### WORK TASK:
Could you output each line below exactly as it appears, excluding any pictures?

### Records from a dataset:
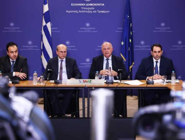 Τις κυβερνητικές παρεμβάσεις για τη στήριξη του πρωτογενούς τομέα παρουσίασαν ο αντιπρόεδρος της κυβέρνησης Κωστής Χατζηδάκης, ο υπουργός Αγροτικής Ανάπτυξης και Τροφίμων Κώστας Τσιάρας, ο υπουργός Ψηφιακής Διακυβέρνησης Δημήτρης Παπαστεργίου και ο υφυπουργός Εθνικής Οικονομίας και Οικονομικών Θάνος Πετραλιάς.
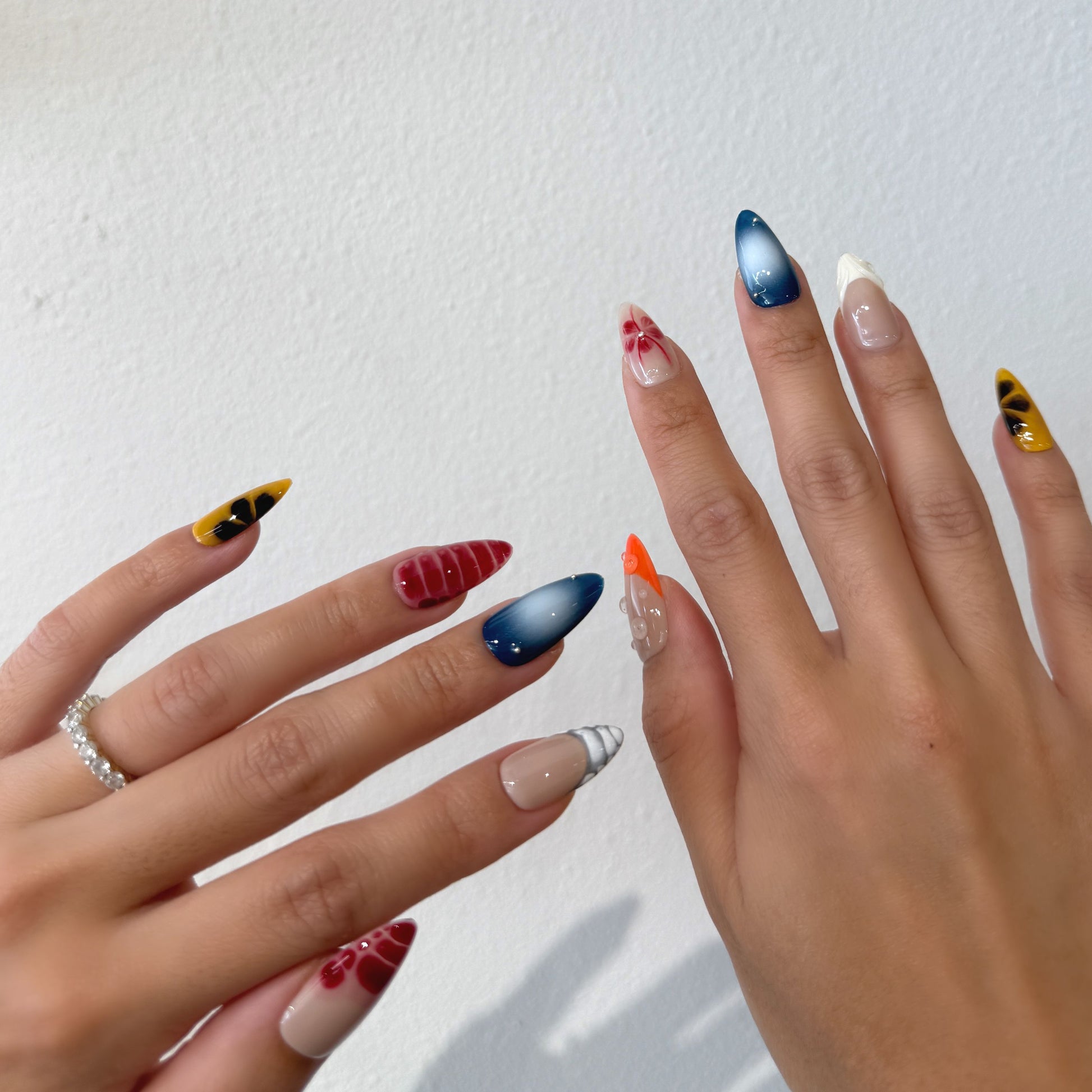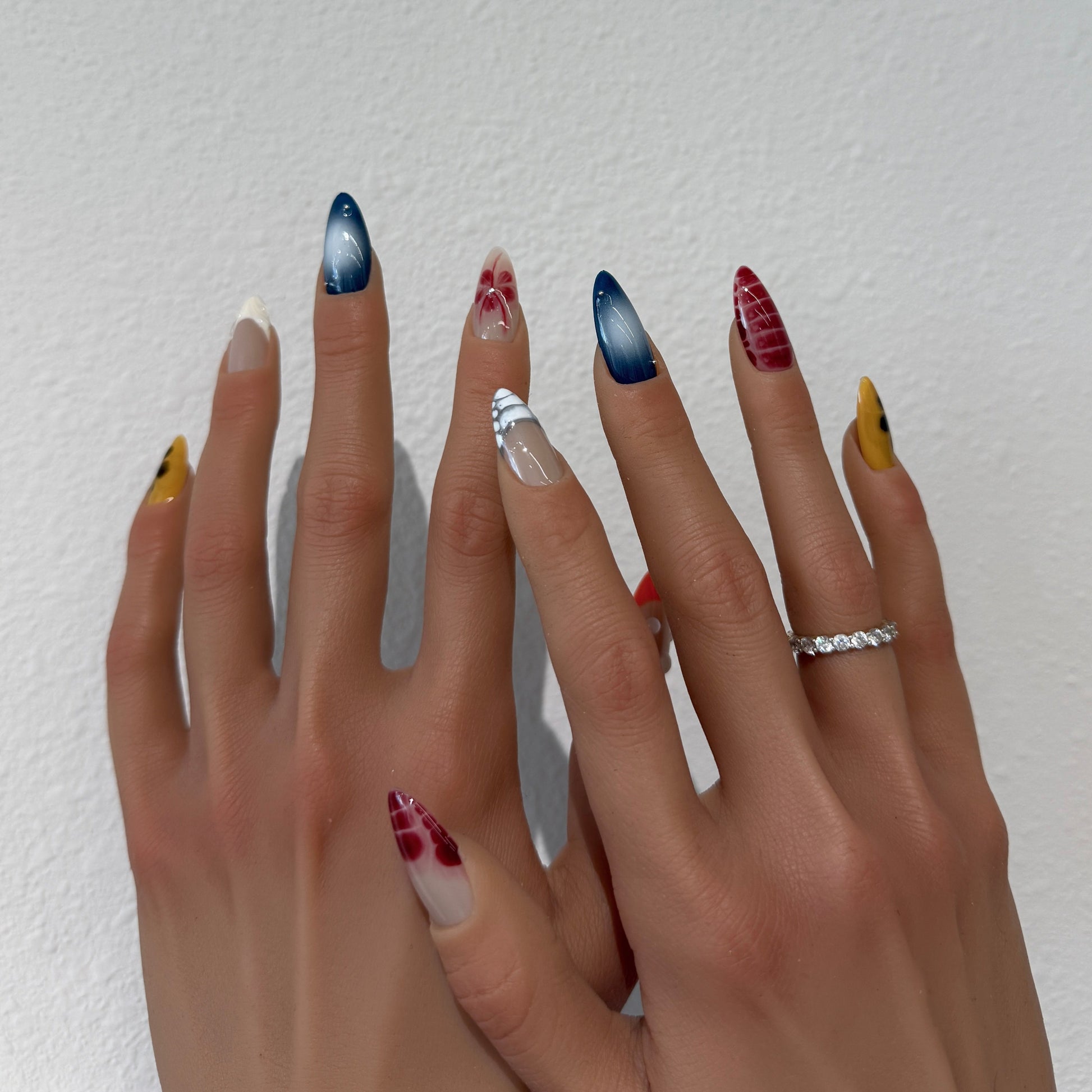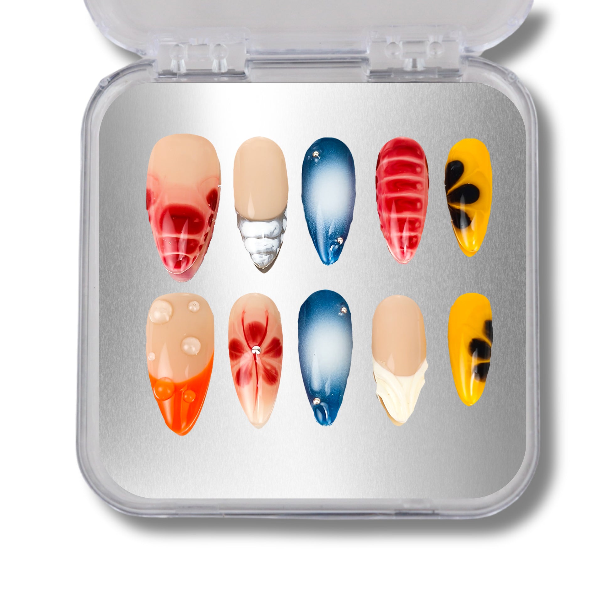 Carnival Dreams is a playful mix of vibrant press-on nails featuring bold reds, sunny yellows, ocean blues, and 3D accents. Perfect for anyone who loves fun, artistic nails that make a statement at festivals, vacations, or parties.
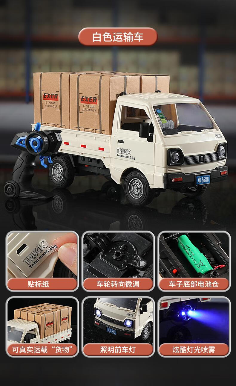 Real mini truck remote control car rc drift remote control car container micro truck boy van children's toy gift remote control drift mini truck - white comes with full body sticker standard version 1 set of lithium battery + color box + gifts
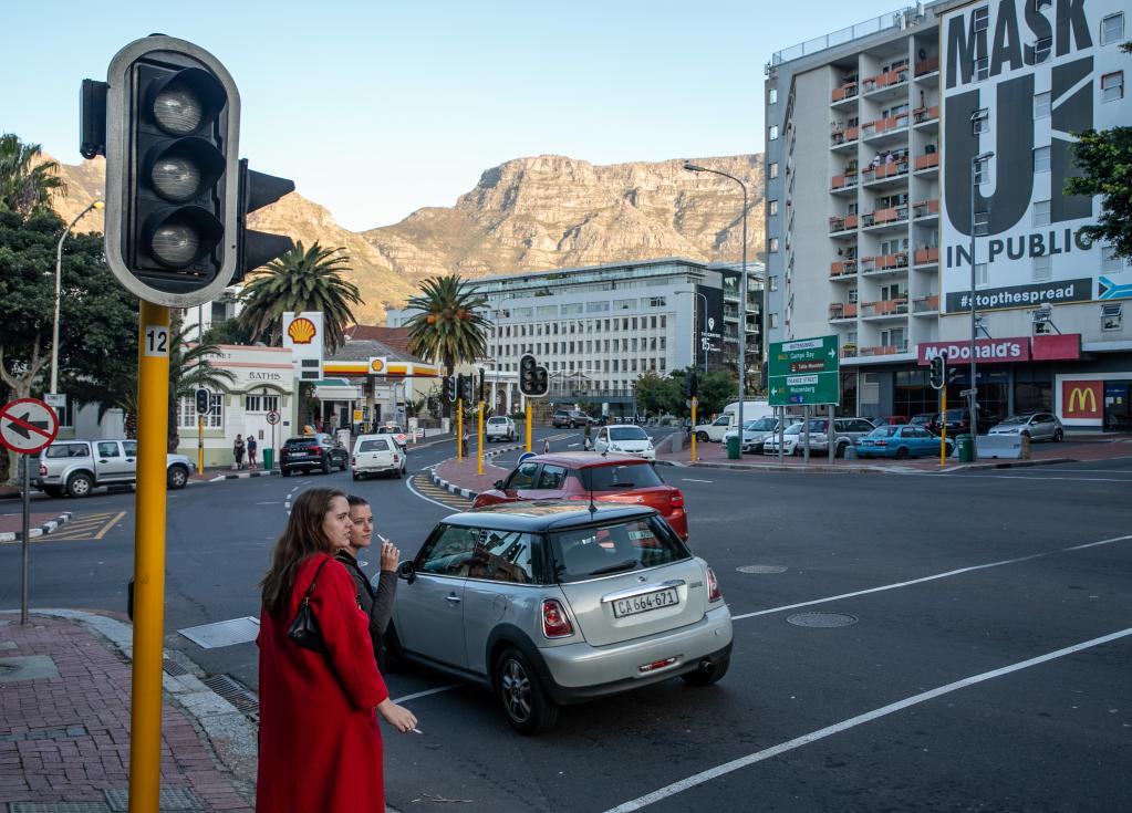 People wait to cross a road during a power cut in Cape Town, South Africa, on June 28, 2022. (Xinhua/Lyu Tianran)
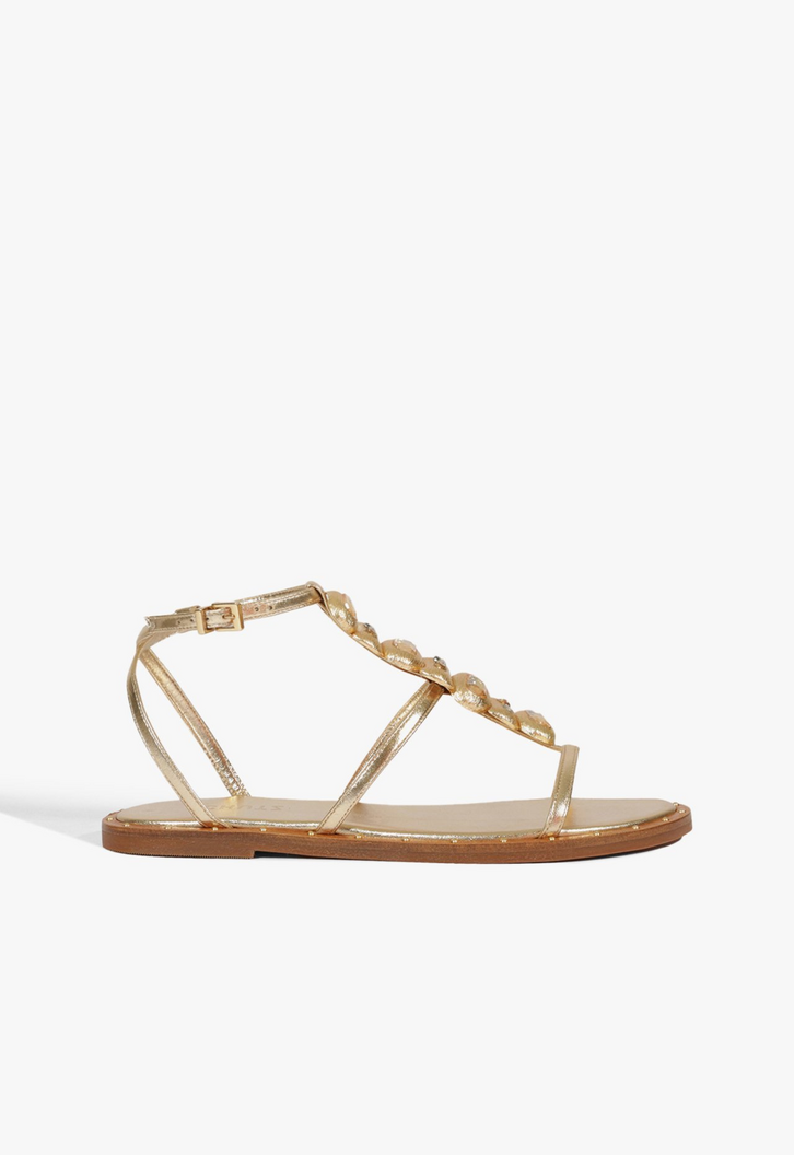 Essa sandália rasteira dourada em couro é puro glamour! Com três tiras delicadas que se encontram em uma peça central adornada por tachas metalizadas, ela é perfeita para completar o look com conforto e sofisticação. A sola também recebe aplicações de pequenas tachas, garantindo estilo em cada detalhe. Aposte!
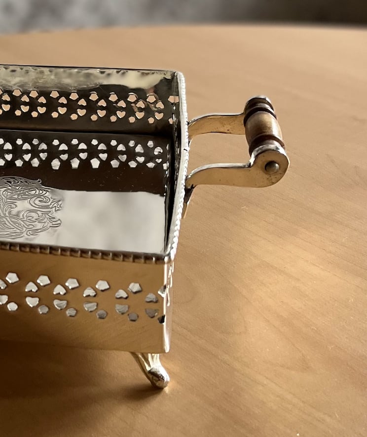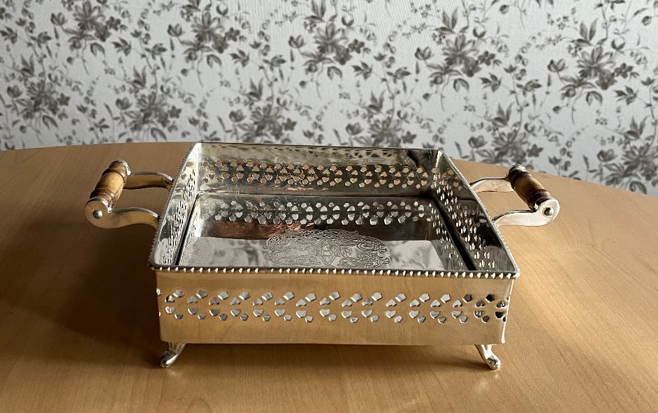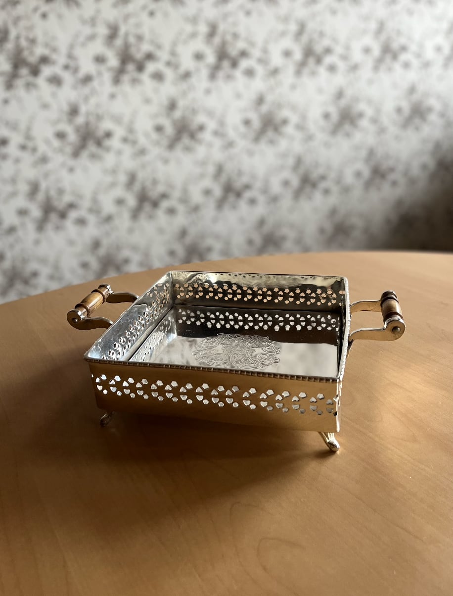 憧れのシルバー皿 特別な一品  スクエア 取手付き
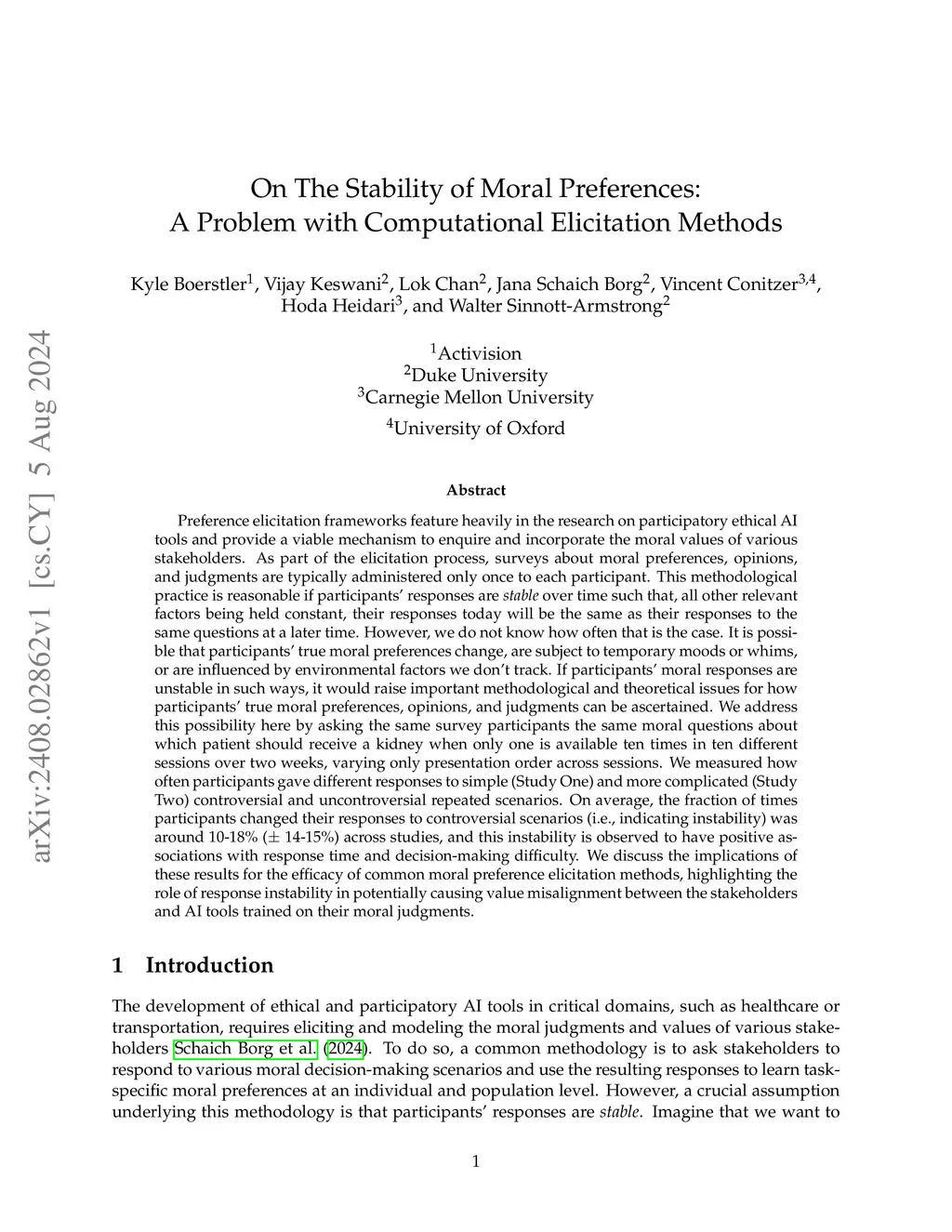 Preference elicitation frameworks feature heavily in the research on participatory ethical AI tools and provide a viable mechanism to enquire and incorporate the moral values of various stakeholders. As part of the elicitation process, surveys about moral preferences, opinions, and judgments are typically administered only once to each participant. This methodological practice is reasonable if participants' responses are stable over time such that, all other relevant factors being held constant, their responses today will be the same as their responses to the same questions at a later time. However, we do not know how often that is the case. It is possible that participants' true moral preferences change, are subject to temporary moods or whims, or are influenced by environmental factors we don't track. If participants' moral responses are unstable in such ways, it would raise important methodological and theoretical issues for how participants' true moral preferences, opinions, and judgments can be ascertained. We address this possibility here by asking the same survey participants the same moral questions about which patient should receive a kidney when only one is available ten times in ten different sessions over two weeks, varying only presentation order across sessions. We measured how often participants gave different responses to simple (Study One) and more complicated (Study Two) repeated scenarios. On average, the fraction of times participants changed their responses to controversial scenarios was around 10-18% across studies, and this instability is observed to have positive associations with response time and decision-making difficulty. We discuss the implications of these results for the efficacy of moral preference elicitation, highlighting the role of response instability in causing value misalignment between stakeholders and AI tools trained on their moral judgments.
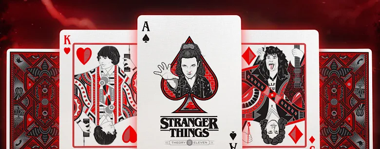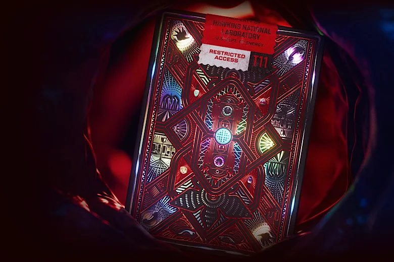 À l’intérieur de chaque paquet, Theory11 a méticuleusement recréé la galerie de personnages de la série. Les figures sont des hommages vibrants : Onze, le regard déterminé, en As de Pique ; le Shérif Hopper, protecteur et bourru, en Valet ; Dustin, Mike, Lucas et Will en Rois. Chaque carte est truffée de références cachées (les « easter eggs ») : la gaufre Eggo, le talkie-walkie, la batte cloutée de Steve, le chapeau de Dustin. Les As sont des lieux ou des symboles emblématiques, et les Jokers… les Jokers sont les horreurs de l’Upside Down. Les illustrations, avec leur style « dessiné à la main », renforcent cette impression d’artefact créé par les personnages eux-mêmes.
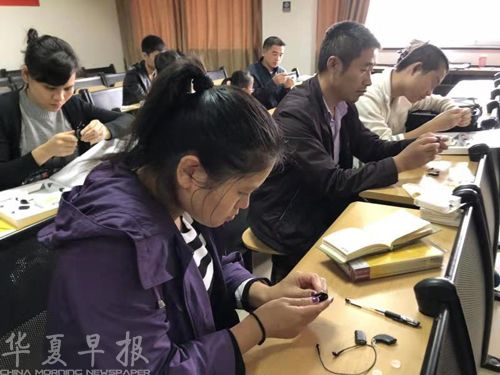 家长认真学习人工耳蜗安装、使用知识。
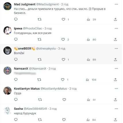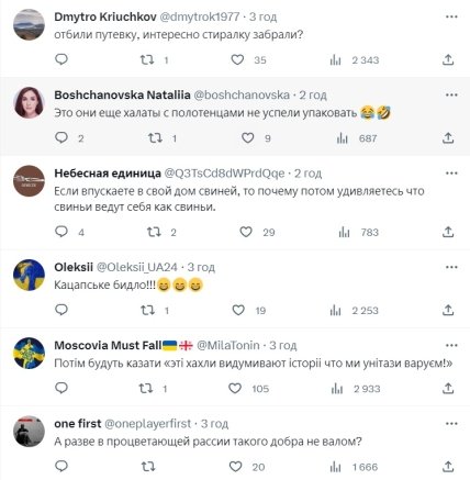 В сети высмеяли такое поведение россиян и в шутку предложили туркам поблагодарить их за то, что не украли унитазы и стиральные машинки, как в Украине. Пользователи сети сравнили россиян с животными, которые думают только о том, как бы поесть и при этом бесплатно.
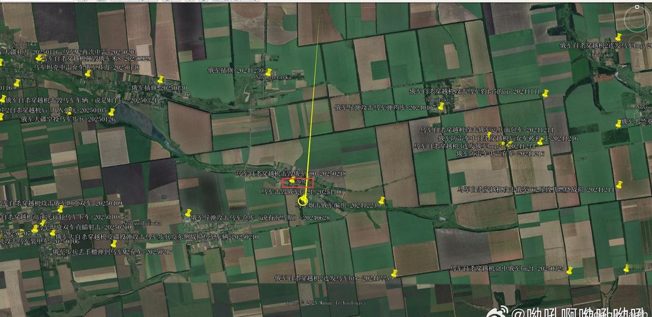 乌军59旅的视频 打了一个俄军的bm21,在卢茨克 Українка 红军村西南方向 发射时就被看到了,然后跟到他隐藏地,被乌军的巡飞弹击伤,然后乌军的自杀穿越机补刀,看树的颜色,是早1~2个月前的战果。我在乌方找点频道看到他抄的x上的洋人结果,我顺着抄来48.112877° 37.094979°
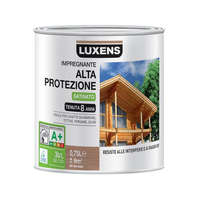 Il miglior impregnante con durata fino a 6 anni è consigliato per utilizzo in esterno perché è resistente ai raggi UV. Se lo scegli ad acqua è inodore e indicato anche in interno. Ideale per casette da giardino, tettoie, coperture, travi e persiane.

### RESULT BELOW:
 Τις κυβερνητικές παρεμβάσεις για τη στήριξη του πρωτογενούς τομέα παρουσίασαν ο αντιπρόεδρος της κυβέρνησης Κωστής Χατζηδάκης, ο υπουργός Αγροτικής Ανάπτυξης και Τροφίμων Κώστας Τσιάρας, ο υπουργός Ψηφιακής Διακυβέρνησης Δημήτρης Παπαστεργίου και ο υφυπουργός Εθνικής Οικονομίας και Οικονομικών Θάνος Πετραλιάς.
 Carnival Dreams is a playful mix of vibrant press-on nails featuring bold reds, sunny yellows, ocean blues, and 3D accents. Perfect for anyone who loves fun, artistic nails that make a statement at festivals, vacations, or parties.
 Real mini truck remote control car rc drift remote control car container micro truck boy van children's toy gift remote control drift mini truck - white comes with full body sticker standard version 1 set of lithium battery + color box + gifts
 People wait to cross a road during a power cut in Cape Town, South Africa, on June 28, 2022. (Xinhua/Lyu Tianran)
 Essa sandália rasteira dourada em couro é puro glamour! Com três tiras delicadas que se encontram em uma peça central adornada por tachas metalizadas, ela é perfeita para completar o look com conforto e sofisticação. A sola também recebe aplicações de pequenas tachas, garantindo estilo em cada detalhe. Aposte!
 憧れのシルバー皿 特別な一品  スクエア 取手付き
 Preference elicitation frameworks feature heavily in the research on participatory ethical AI tools and provide a viable mechanism to enquire and incorporate the moral values of various stakeholders. As part of the elicitation process, surveys about moral preferences, opinions, and judgments are typically administered only once to each participant. This methodological practice is reasonable if participants' responses are stable over time such that, all other relevant factors being held constant, their responses today will be the same as their responses to the same questions at a later time. However, we do not know how often that is the case. It is possible that participants' true moral preferences change, are subject to temporary moods or whims, or are influenced by environmental factors we don't track. If participants' moral responses are unstable in such ways, it would raise important methodological and theoretical issues for how participants' true moral preferences, opinions, and judgments can be ascertained. We address this possibility here by asking the same survey participants the same moral questions about which patient should receive a kidney when only one is available ten times in ten different sessions over two weeks, varying only presentation order across sessions. We measured how often participants gave different responses to simple (Study One) and more complicated (Study Two) repeated scenarios. On average, the fraction of times participants changed their responses to controversial scenarios was around 10-18% across studies, and this instability is observed to have positive associations with response time and decision-making difficulty. We discuss the implications of these results for the efficacy of moral preference elicitation, highlighting the role of response instability in causing value misalignment between stakeholders and AI tools trained on their moral judgments.
 À l’intérieur de chaque paquet, Theory11 a méticuleusement recréé la galerie de personnages de la série. Les figures sont des hommages vibrants : Onze, le regard déterminé, en As de Pique ; le Shérif Hopper, protecteur et bourru, en Valet ; Dustin, Mike, Lucas et Will en Rois. Chaque carte est truffée de références cachées (les « easter eggs ») : la gaufre Eggo, le talkie-walkie, la batte cloutée de Steve, le chapeau de Dustin. Les As sont des lieux ou des symboles emblématiques, et les Jokers… les Jokers sont les horreurs de l’Upside Down. Les illustrations, avec leur style « dessiné à la main », renforcent cette impression d’artefact créé par les personnages eux-mêmes.
 家长认真学习人工耳蜗安装、使用知识。
 В сети высмеяли такое поведение россиян и в шутку предложили туркам поблагодарить их за то, что не украли унитазы и стиральные машинки, как в Украине. Пользователи сети сравнили россиян с животными, которые думают только о том, как бы поесть и при этом бесплатно.
 乌军59旅的视频 打了一个俄军的bm21,在卢茨克 Українка 红军村西南方向 发射时就被看到了,然后跟到他隐藏地,被乌军的巡飞弹击伤,然后乌军的自杀穿越机补刀,看树的颜色,是早1~2个月前的战果。我在乌方找点频道看到他抄的x上的洋人结果,我顺着抄来48.112877° 37.094979°
 Il miglior impregnante con durata fino a 6 anni è consigliato per utilizzo in esterno perché è resistente ai raggi UV. Se lo scegli ad acqua è inodore e indicato anche in interno. Ideale per casette da giardino, tettoie, coperture, travi e persiane.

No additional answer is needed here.